Dikutip dari Reuters, Senin (20/11/2023), yuan mencapai level tertinggi dalam tiga bulan baik di pasar dalam negeri maupun luar negeri. Hal itu didukung oleh bank sentral China yang memberi penguatan pada dolar Australia dan Selandia Baru karena keduanya sering digunakan sebagai proxy likuid untuk yuan.
Indeks dolar di perdagangan Asia juga mencapai titik terendah pada angka 103,53 yang merupakan level terlemah sejak 1 September 2023. Hal itu memperpanjang penurunan hampir dua persen dari pekan lalu yang berarti merupakan penurunan mingguan paling tajam sejak Juli 2023.
Terhadap melemahnya greenback, euro mencapai level tertinggi sejak Agustus 2023 pada level 1,09365 dolar AS. Sementara yen menguat pada level tertinggi satu bulan di 148,68 per dolar AS.
Pasar telah memperhitungkan risiko kenaikan suku bunga lebih lanjut dari The Fed setelah sejumlah indikator ekonomi AS yang lebih lemah dari perkiraan pada pekan lalu. Terutama setelah angka inflasi yang berada di bawah perkiraan.

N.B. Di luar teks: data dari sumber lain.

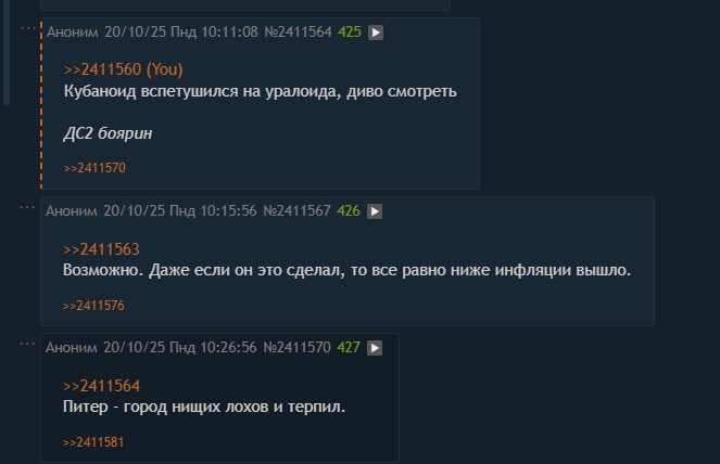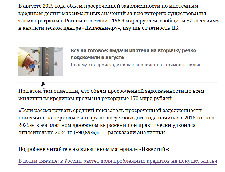 >>2411881 >Я такого не писал, ты же в курсе, что здесь разные люди находятся? Манера общения и маняврирования похожи, ок проебался. >Никто не отменял семейку, военную ипотеку, рассрочку и прочие схематозы от застроев. >Никто не отменял семейку, военную ипотеку, рассрочку и прочие схематозы от застроев. Семейка была заморожена в начале года, ну как заморожена, ее просто не выдавали. ИТ-ипоту покромсали и регионализировали. Везде лимиты порезали >Во-первых, никакого ограничения в новых объектах нет и быть не может, по той простой причине, что застройщик - это коммерческое предприятие, которое не может взять и перестать строить, ему нужно постоянно оборачивать капитал. Может, большое кол-во проектов сейчас заморожена. >Нет, не тянет Почему тогда вся недвижка выросла после ввода льготки? Сравни цены в 2020 и сейчас. Что так бустануло вторичку? Всем резко потребовался бабкин хрущ или дело в том, что первичка начала расти? >Ну это уже или откровенно жирный троллинг или просто голословное утверждение, которое не подтверждается никакими фактами. Первая же ссылка в поисковие, вот тебе графики 2022-2025. И смотри какая забавная корреляция, с декабря 2023 ставка ЦБ стала 16 и посмотри когда был пик роста ренты, ну и дальше понаблюдай корреляцию. >6 лет назад я снимал ровно такую же 40 метров евро 2 за 23,500 За твой Гавнас не поясню, но судя по тому что это за мкадом, то очевидно что деньги там и не нужны. За МКАДом зарплаты в несколько раз меньше, чем в ДС. Это правда. Но нужно учитывать, что у каждого жителя замкадья есть огород и приусадебное хозяйство. Жители замкадья питаются с огородов, выращивают птицу и скот. Поэтому деньги им нужны только на одежду и коммунальные платежи. А значит вполне справедливо было установить им меньшие зарплаты, чем в Столице, где приходится покупать в том числе и продукты питания. Кроме того, жителю Столицы нужно посещать культурные заведения и покупать машину. В то время как в маленьких уютных городках всё близко друг от друга. А еще за МКАДом много лесов. Можно поймать лисиц, сделать себе шубу. По сути, люди за МКАДом одеты в отличнейшие меха, которые в столице стоят очень дорого. Неудивительно, что у них зарплаты меньше. По сути, им деньги особо и не нужны.

Fokus saat ini beralih pada seberapa cepat penurunan suku bunga The Fed. CME Fed Watch memproyeksikan hal itu dapat dilakukan dengan perkiraan pada masa depan ada kemungkinan 30 persen The Fed dapat mulai menurunkan suku bunga pada awal Maret 2024.
“Perkiraan pasar terhadap kebijakan FOMC kemungkinan akan tetap stabil, sehingga dolar AS hanya memiliki sedikit katalis untuk menggerakkannya pekan ini ini. Jika kita melihat selera risiko meningkat lagi, maka dolar AS pasti akan semakin melemah." kata ahli strategi mata uang Commonwealth Bank of Australia (CBA) Carol Kong.
Yuan, yang telah melemah hampir empat persen terhadap dolar AS pada tahun ini terus tertekan oleh lemahnya pemulihan ekonomi di China dan sentimen investor yang masih rapuh. “Saya pikir tema pemulihan ekonomi Tiongkok yang lemah akan bertahan untuk sementara waktu,” tutur Kong.
Lalu yang juga akan dirilis pekan ini adalah risalah pertemuan terbaru The Fed yang akan memberi warna pada pemikiran para pengambil kebijakan. Sebab The Fed mereka mempertahankan suku bunga stabil untuk kedua kalinya bulan ini.
"(Risalah rapat FOMC) dapat menggarisbawahi reli risiko yang mendukung imbal hasil Treasury AS dan dolar AS yang lebih lemah, di samping pembelian aset berisiko," ucap Kepala Ekonomi dan Strategi Mizuho Bank, Vishnu Varathan.
Sementara itu, China mempertahankan suku bunga pinjaman acuannya tidak berubah pada penetapan bulanan. Pelemahan yuan terus membatasi pelonggaran moneter lebih lanjut dan para pembuat kebijakan menunggu untuk melihat dampak stimulus sebelumnya terhadap permintaan kredit.